NoDoping: un progetto educativo per salvare lo sport

 

Il Progetto NODOPING nasce nella stagione 1999-2000 dalla collaborazione con:

La Provincia di Udine,

Il Provveditorato agli Studi di Udine,

La Federazione Medico Sportiva Regionale del Friuli Venezia Giulia,

Il Centro di Medicina dello Sport di Udine ed

Il Centro Regionale di Psicologia dello Sport del Friuli Venezia Giulia.

Abbiamo iniziato la nostra attività educativa nel novembre 2000 e abbiamo continuato per tutto il 2002 a portare avanti questa iniziativa nelle scuole superiori di tutta la Provincia di Udine.

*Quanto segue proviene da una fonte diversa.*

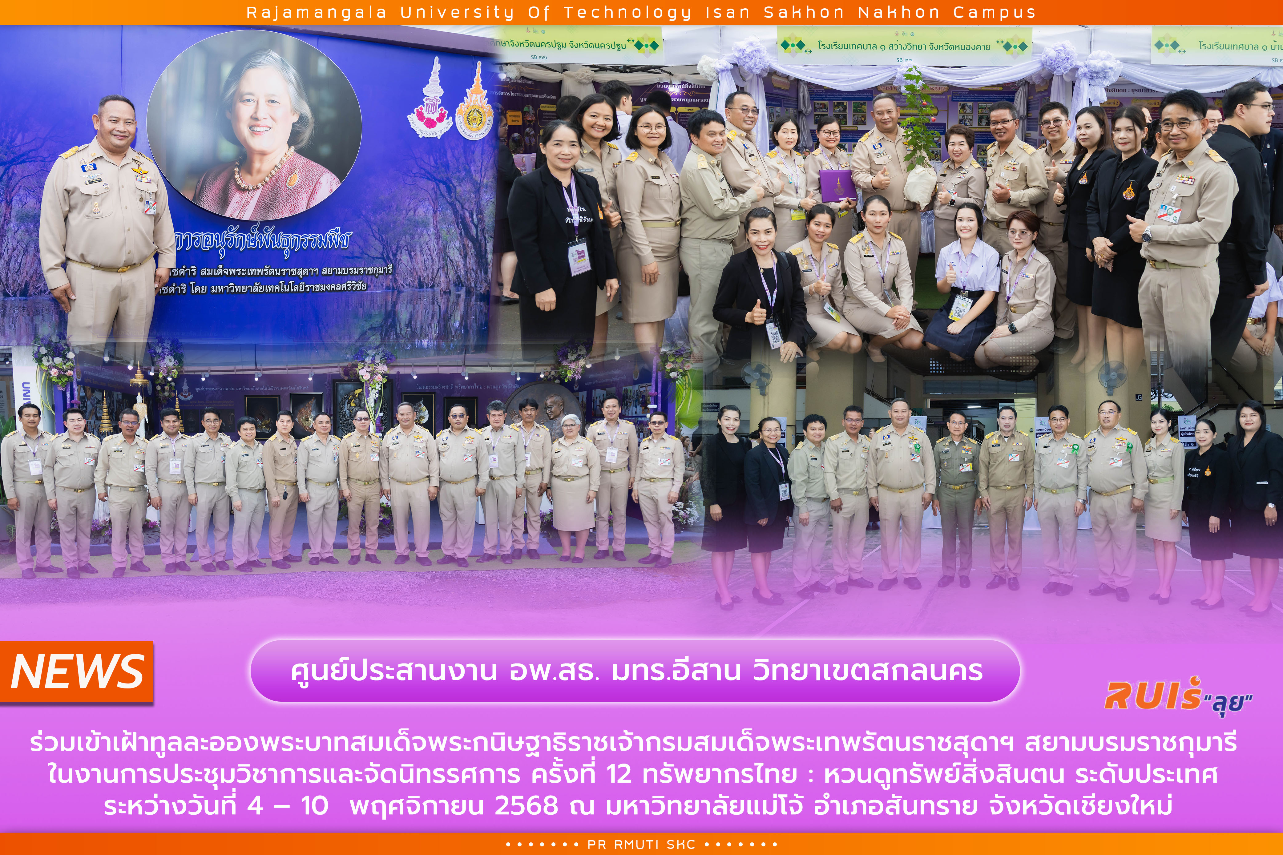 coordination center The Ministry of Public Health - Rajamangala University of Technology Isan Sakon Nakhon Campus Participate in an audience with Her Royal Highness Princess Maha Chakri Sirindhorn. Princess Maha Chakri Sirindhorn At the 12th academic conference and exhibition, Thai Resources: Looking back at assets at the national level, between 4 - 10 November 2025 at Maejo University, San Sai District, Chiang Mai Province, led by Associate Professor Dr. Kosit Sriputhon, President of Rajamangala University of Technology Isan. Assistant Professor Dr. Chaweng Saraklong, Vice President of Sakon Nakhon Campus along with the executive team and the coordination center operating committee The Ministry of Public Health - Rajamangala University of Technology Isan Sakon Nakhon Campus To honor His Majesty Continuing the royal wishes Create understanding and appreciation of the importance of resources available in Thailand. The work was brought to participate in an exhibition in collaboration with Rajamangala University of Technology Isan. Nakhon Ratchasima Province Ready to collect the work of Lecturer Inthat Sribut, Lecturer Sayam Prachudthasri Topic: “Carbon credit assessment” Work information: Mao: Collection of species and their use by Asst. Prof. Dr. Suchitra, specific work information: Indigo: Create sustainability: Create added value with waste materials in the natural indigo dyeing process. Values created by nature but humans must preserve. Organized a Work Shop activity to screen bags using leftover dyes from indigo dyeing and natural dyes to create beautiful patterns by Professor Dr. Wassana Khawthita and tribal brochures from Sakon Nakhon Province by Asst. Prof. Kanokkarn Wichasin. Along with this, Professor Inthat Sribut and Professor Panisara Prachudthasri joined as MCs for the school's botanical garden academic conference, presented by administrators. Teachers and lecturers at the Chaloem Phrakiat Sports Center At the 12th Academic Conference and Exhibition, Thai Resources: Looking Back at Assets, this time there were members of the school's botanical garden. Participating in 4 places: 1. Triam Udom Suksa School Northeast Sakon Nakhon Province (ก.1) 2. Ban Phon Sa Community School Nong Khai Province (K.1) 3. Ratchaprachanukroh School 27, Nong Khai Province (K.2) 4. Thesaban 1 School, Sawang Witthaya, Nong Khai Province (sign level) also participated in the exhibition this time.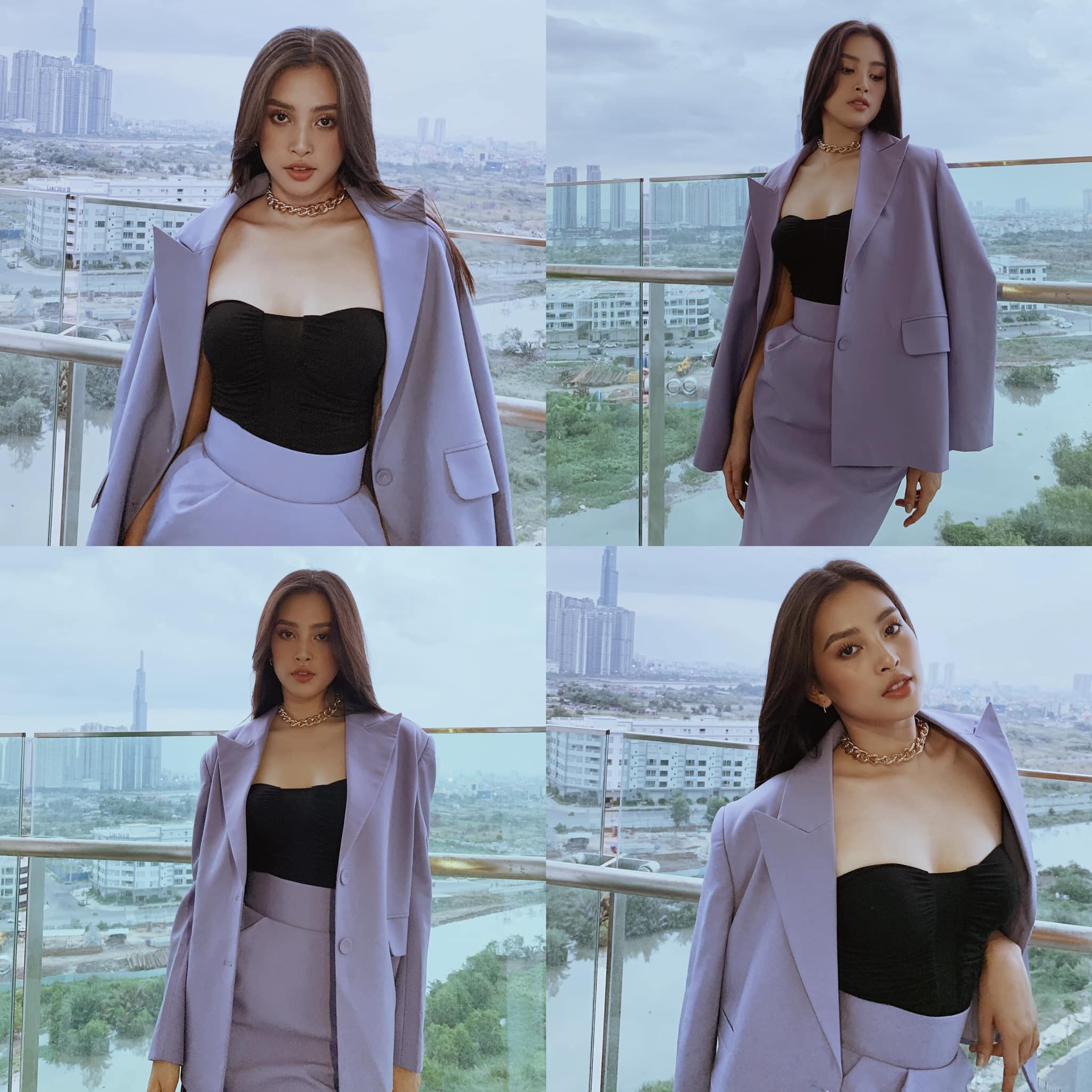 Tiểu Vy diện suit tím thanh lịch nhưng vẫn không kém phần quyến rũ.

Abbiamo sentito l'esigenza di proporre un progetto di questa portata, che coinvolge circa 5.000 studenti e decine di Docenti e Presidi, per cercare di capire ed affrontare il fenomeno del Doping sia dal punto di vista medico che da quello psicologico.

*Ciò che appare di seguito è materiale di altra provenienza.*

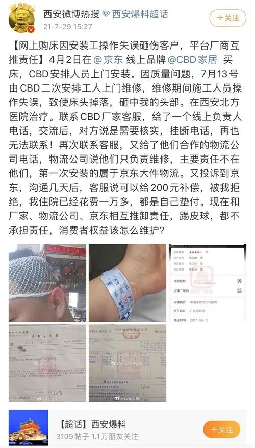 2021年4月2日,西安吴先生在京东CBD家居店购买一张床。7月13日,因质量问题由CBD二次安排工人上门维修,维修期间施工人员操作失误,致使床头掉落,砸中吴先生头部,并在西安北方医院治疗。后联系CBD厂家客服,并给了线上负责人电话,交流后,商家称需要核实,后联系不上。再次联系客服,又给了他们合作的物流公司电话,物流公司称他们只负责维修,主要责任不在他们,第一次安装的属于京东大件物流。又投诉到京东,沟通几天后,客服说可以给200元补偿。但吴先生住院花费一万多。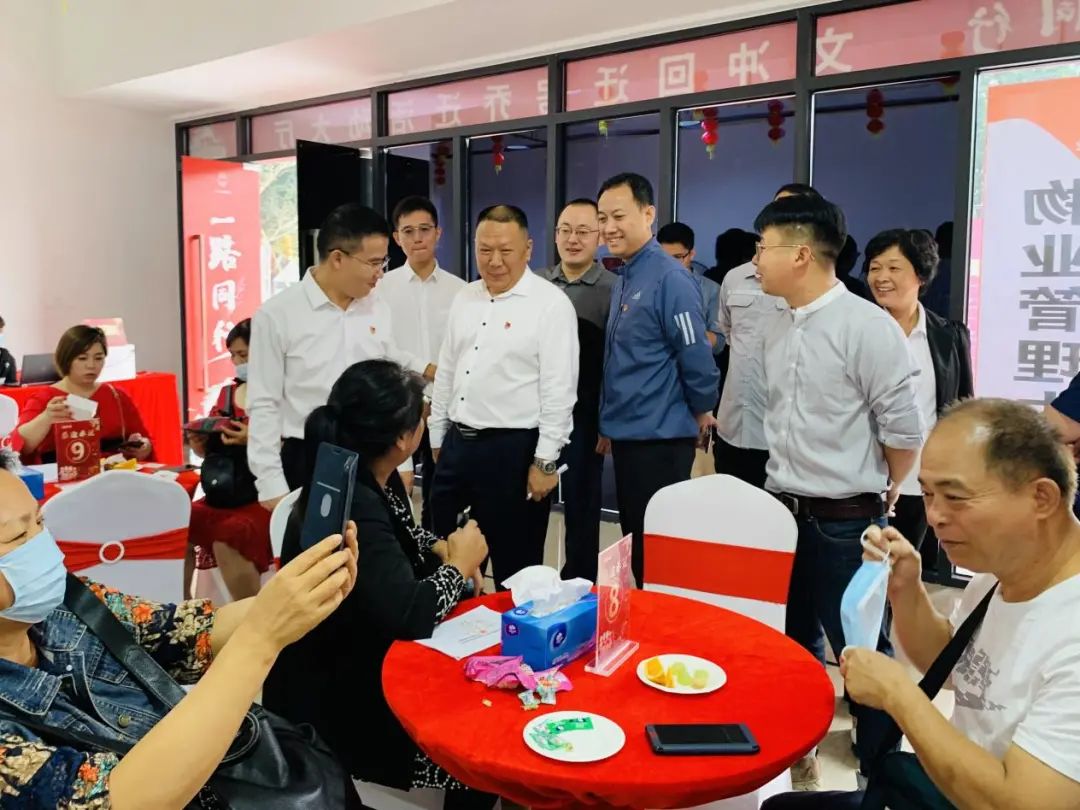 图:村民们向文冲街道、文冲社区的领导们分享收新楼的喜悦。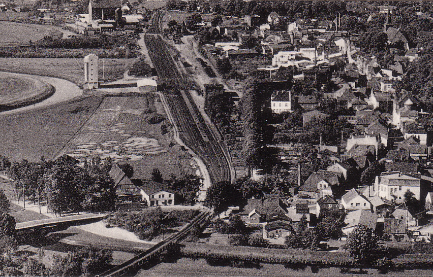 Am 01.08.1889 wurde mit der Strecke Wrist - Itzehoe eine ca. 21 Kilometer lange Verbindung zwischen der Altona-Kieler Bahn und der Marschbahn Altona - Tondern geschaffen. Erste Station war nach knapp drei Kilometern Kellinghusen. Der Bahnhof hatte Verbindung zum kleinen Hafen am Fluss Stör, hier kenntlich durch das grroße Lagerhaus links vom Bahnhof direkt am Wasser.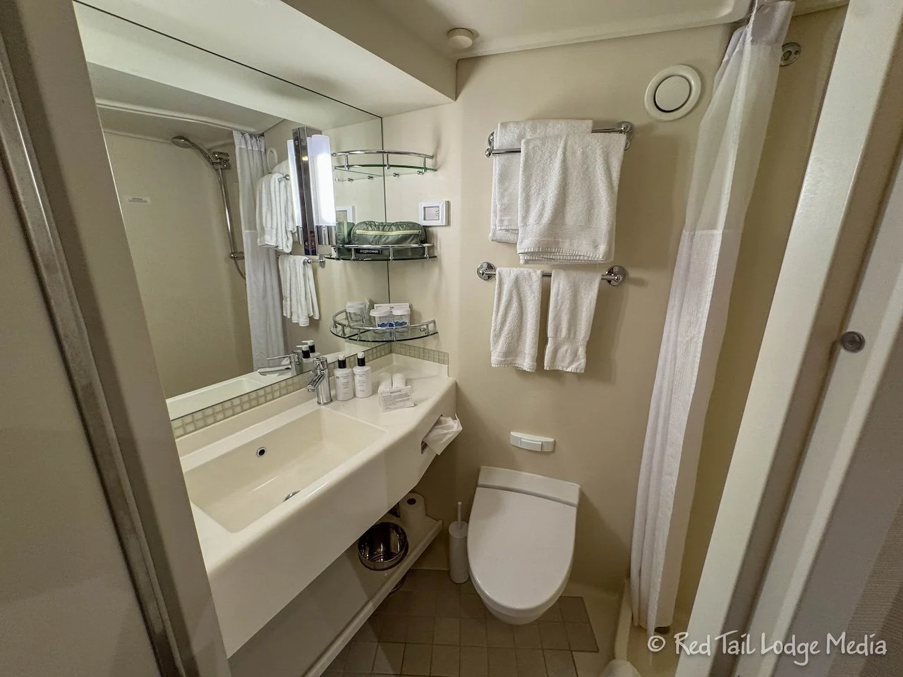After a delicious lunch, our room was ready. So we went down to Deck 9 to check out the room. We had a balcony room, about mid ship, on the starboard (right) side. The room was nice. There was a queen sized bed, a desk, a large closet area, and a compact bathroom. The bathroom is smaller than a hotel room bathroom but much larger than the bathroom we are used to in our RV (a Winnebago EKKO).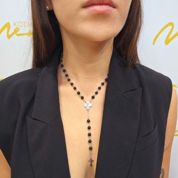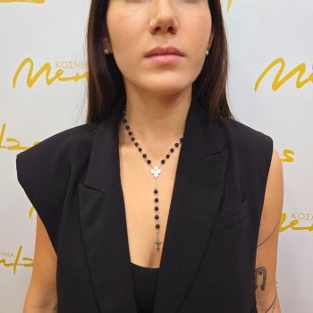 Ροζάριο απο ασήμι με σταυρό, μαυρες χάντρες 925°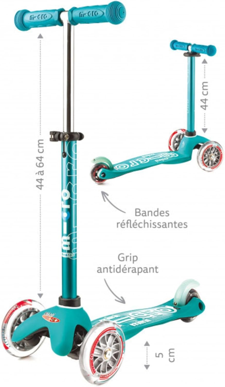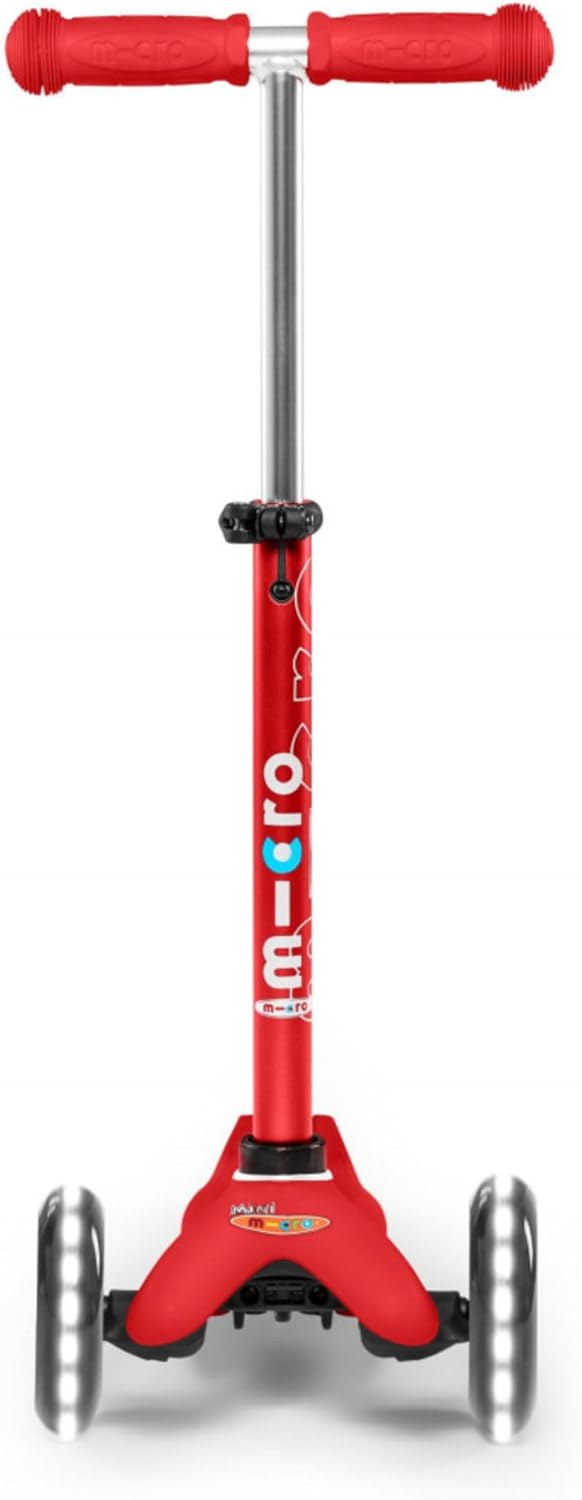 - Micro's 3-wheeled Mini Deluxe LED scooter, with a lean-to-steer design, offers a stable ride that supports toddlers and small children as they master balance and coordination. Features two front LED motion-activated light-up wheels. (No batteries required!)

La "cultura del Doping" va combattuta, smontata con i fatti e gli esempi, trasformata in una "cultura della Salute e del Benessere psicofisico" attraverso un intervento che non preveda solo un momento di informazione ma che trovi la sua forza concreta nel confronto con i giovani studenti, con le loro idee, con il loro atteggiamento mentale.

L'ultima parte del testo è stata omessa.